After such an exposition of prowess on the viola alone, the gentle introduction of a piano changes things considerably. While a certain level of restraint is to be expected from the accompanist, Robert Levin draws his playing through the viola’s almost vocal cartography, astutely aware of the dialogic nature of their music-making. The recording from hereon out is strikingly different. The viola remains quite present while the piano seems far away, as if playing on the other side of the room, thereby opening the spatial possibilities of the music and further contrasting the intimate pointillism of the solo sonatas with the broader strokes of the accompanied. At times the piano and viola would seem to be talking to themselves, as if after a long argument between a couple that has been together for so long that, no matter what they say, their voices blend with an exacting harmony.

Sonate op. 11,4
The opening Phantasie is stunningly beautiful, lapsing into moments of passive romanticism even as it unravels more overblown threads. The second movement is comprised by a jaunty theme with variations and fleshes out the sonata form in uniquely ecstatic ways. The finale with variations brings itself even closer to the inherency of the first two movements, only to lower into mysterious asides that seem to hover around the edges of its introduction.

Sonate op. 25,4
This sonata brims with a Bartókian jouissance, at once sylvan and nomadic. The viola enters, a dancer waiting for just the right moment to let loose her footwork. The piano responds with a playful challenge, which the viola answers wholeheartedly and with due respect. This rhythmically dynamic and challenging movement ends with a light touch of pizzicato. The second is full of tragedy, proceeding at a crawl through an indefinable wreckage that, while familiar to us, is also something we can never experience because it is not our own. The finale is filled with drama and screeching tremolos, and sings with the conviction of a mountaineer. The third movement is a boisterous exposition that ends with a few lines in unison and a soaring high note to finish.

Sonate 1939
This last sonata begins as if in mid-phrase, jumping right into its melodies with careful abandon. The piano and viola play off each other rather explicitly, holding fast to connection and release. Whereas this movement is filled with playful moments, plucked diversions, and pianistic revelry, the second plants its feet firmly on the path and rushes toward its finale. The third movement, another Phantasie, ruptures the music’s icy surface like the sticks on the album’s cover. As we come to a close, the sound cracks like an egg.

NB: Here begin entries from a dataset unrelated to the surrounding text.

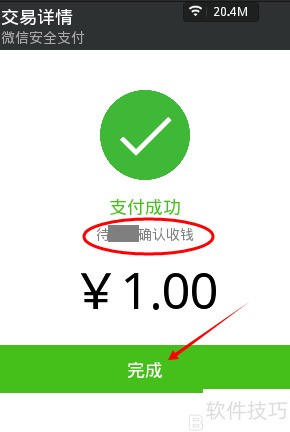 6、 输入正确密码后,页面跳转至支付成功界面,款项随即转入朋友账户,转账记录可在交易详情中查询,具体所示。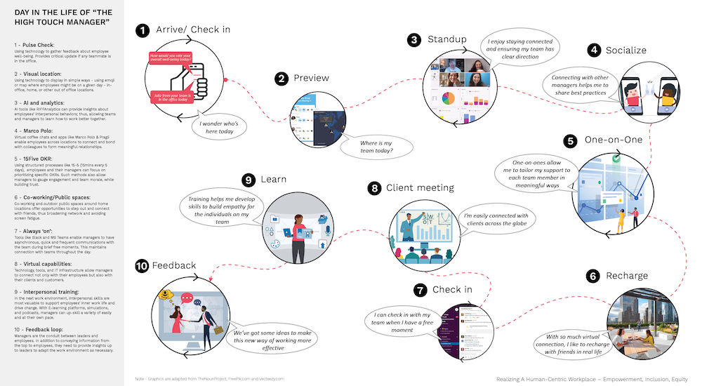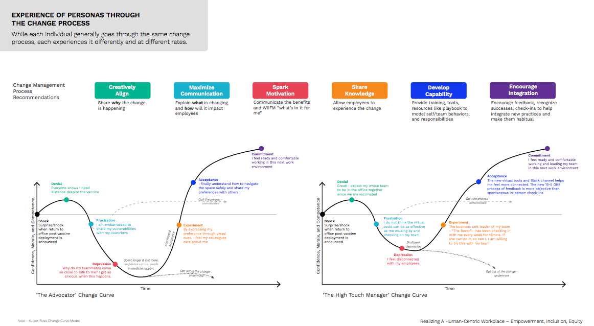 Realizing a human centric workplace was the strongest submission from the ones that I read because it provided a clear process map. It provided an emotional process map going through the five stages of grief and in a normal process and then through intervention, how you could minimize those stages of grief. It also provided “A Day in the Life” map with for personas. I found that extremely insightful and helpful in terms of getting my mind around what was going on and putting myself in the shoes of people that we’re going through this, not only the change management people or the employees, but the managers. I really liked the persona assessment.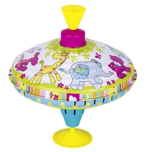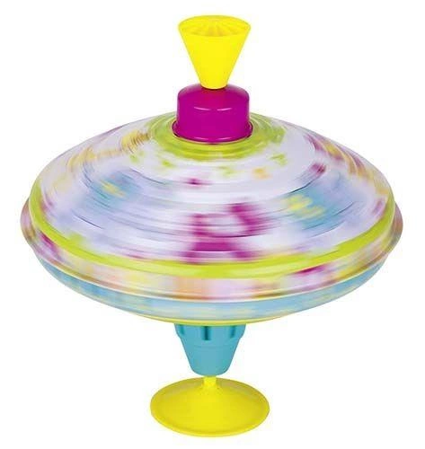 Duży metalowy bączek do kręcenia to tradycyjna zabawka, którą małe dzieci uwielbiają. W odróżnieniu od tradycyjnych bąków ten bączek ma na spodzie podstawkę. Dzięki temu stoi na niej stabilnie i się nie przewraca. Wystarczy zacząć naciskać górny drążek, aby całość zaczęła wirować i wydawać specyficzny dźwięk.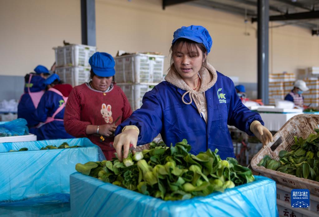 脫貧群眾在云南省曲靖市會(huì )澤縣一蔬菜冷鏈企業(yè)分揀蔬菜(2022年3月3日攝)。新華社記者 陳欣波 攝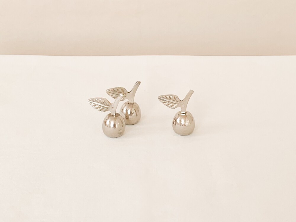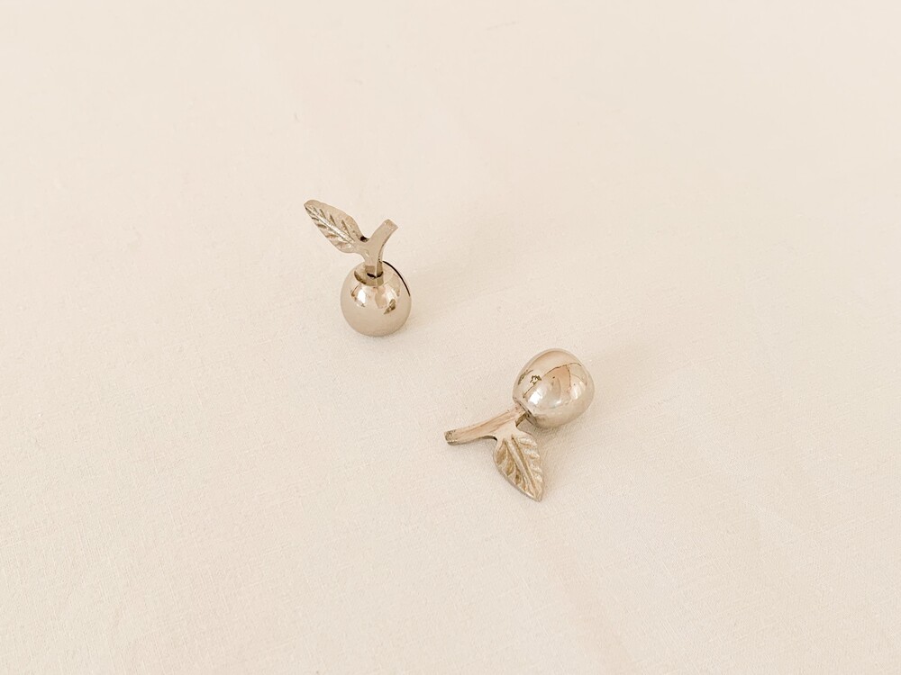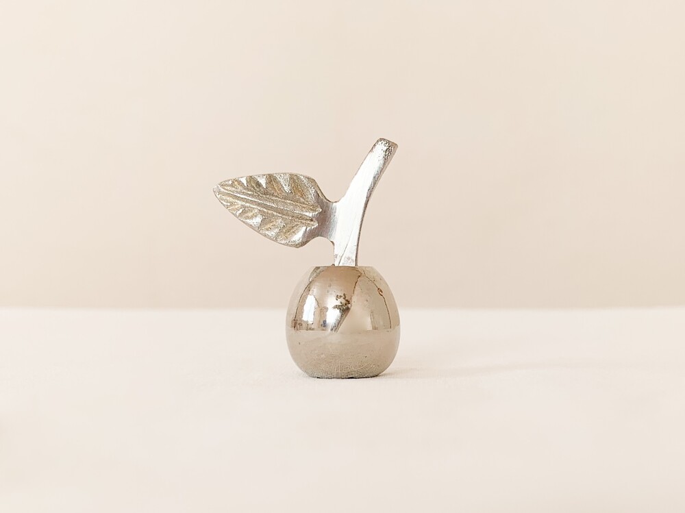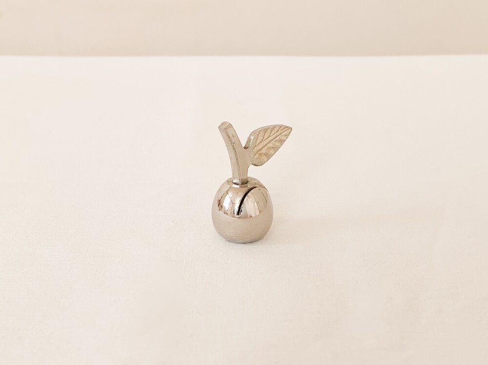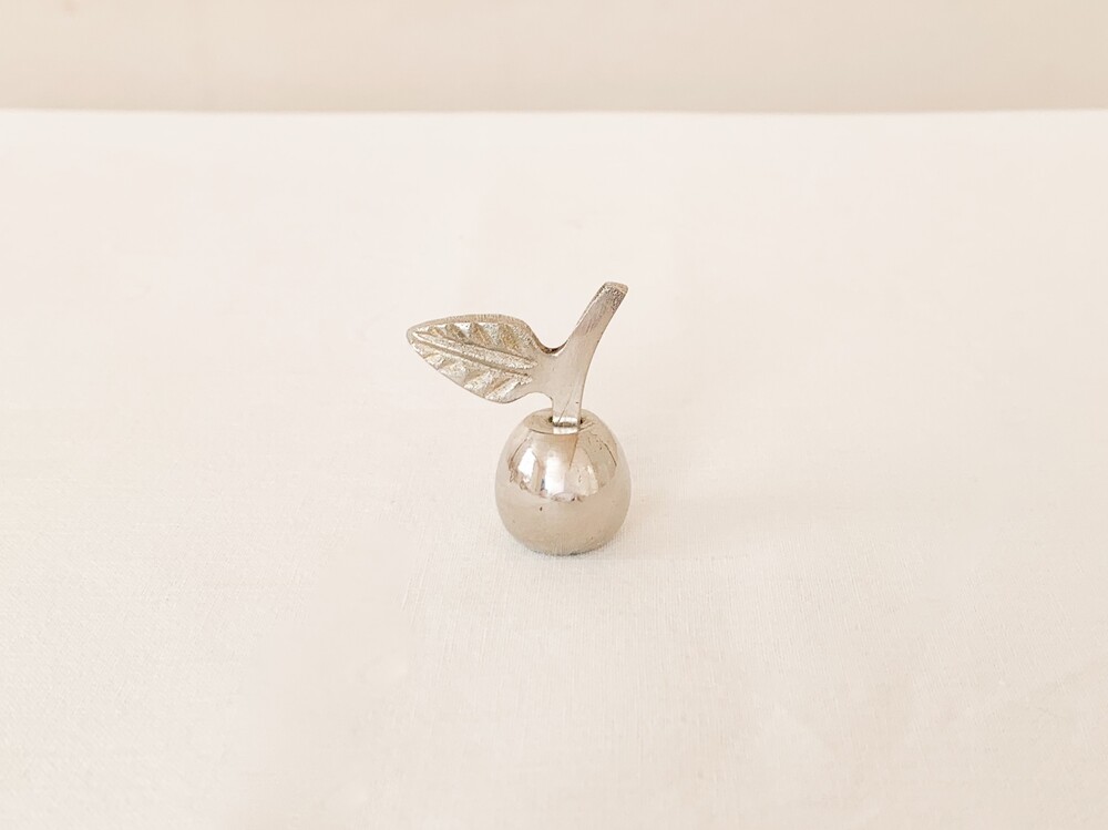 1950년대에 제작된 것으로 전해지는 빈티지 테이블네임홀더입니다. 작은 사과모양으로 만들어진 네임홀더는, 금관악기를 만드는데 사용되는 니켈실버에 순은을 입혀낸 소재가 사용되었습니다. 동그란 열매, 납작하고 단순한 선으로 묘사 된 가지와 잎사귀의 모습에서 밝은 위트가 전해지며, 소재고유의 무게감과 오랜시간이 담긴 우아함이 보여집니다. 정성을 들여 준비한 테이블위의 네임홀더로, 좋아하는 엽서나 사진을 놓아두는 오브제로 사용하기에 잘 어울립니다.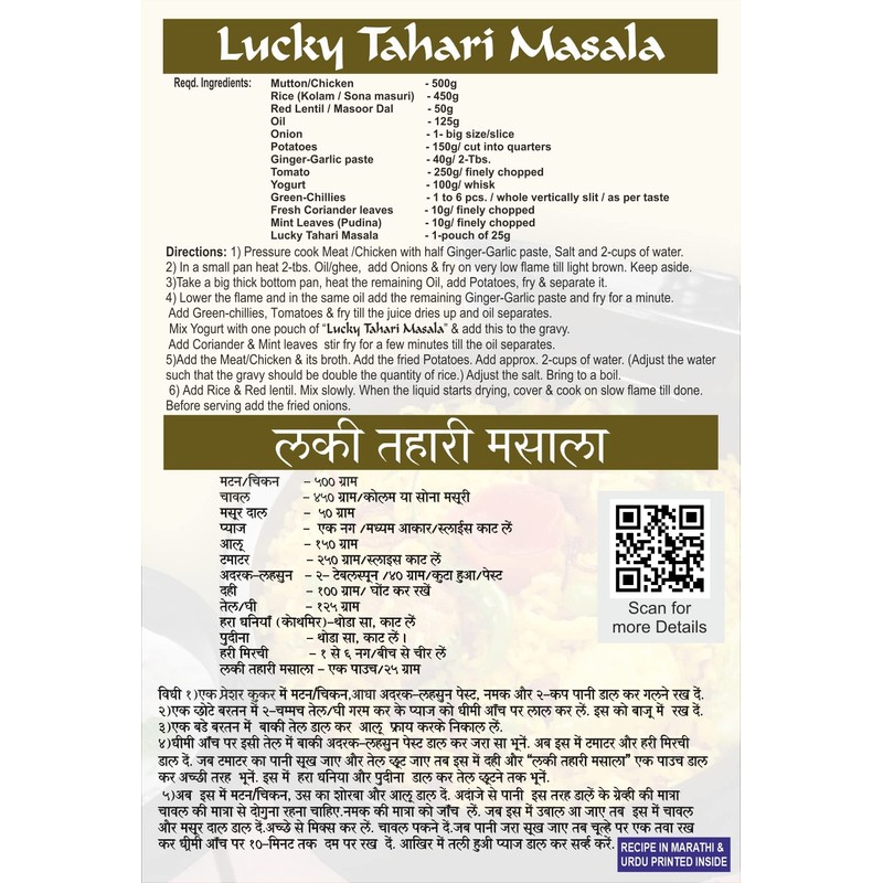 - Lucky Tahari / Pilaf Masala is a blend for meat, rice and lentil delicacies. Gulbarga Tahari, Awadhi Tahari etc. are just a few of the regional ways to prepare Tahari to your own style.

Of the many solo sonatas for various instruments composed since the time of Bach, it is Hindemith’s that most concretely capture a likeminded spirit. While Paganini’s caprices, for example, model Bach on the surface, they are essentially showstoppers meant to test the technical limits of whoever dares perform them. The solo violin works of Ysaÿe are also closely allied with Bach. Ysaÿe draws more specifically and overtly, and in doing so pushes away from Bach in the process. By contrast, Hindemith chose colors from his own palette. In the same way that Bach revitalized the violin and the cello, Hindemith forged a space for the viola. I hear no evidence in these sonatas to suggest that Hindemith was in any way attempting an imitation. He was, rather, exploring his own territory with unbridled honesty. Thankfully, Kashkashian has given us this landmark performance to enjoy to our hearts’ content. Her playing is by turns robust and delicate, her tone impeccable, her technique assured and minimally adorned.

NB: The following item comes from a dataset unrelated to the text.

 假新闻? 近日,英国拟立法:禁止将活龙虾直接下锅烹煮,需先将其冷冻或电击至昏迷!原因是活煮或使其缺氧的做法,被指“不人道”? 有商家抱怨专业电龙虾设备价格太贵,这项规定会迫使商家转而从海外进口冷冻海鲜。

It has been said that, as a performer, one develops a certain appreciation for a given piece of music that the listener can never access, for the performer learns a piece from the inside out. What separates Kashkashian from the rest is her willingness to let the listener in on the performer’s appreciation, and on the different levels of which such an engagement is comprised. We feel every detail as we would feel our own.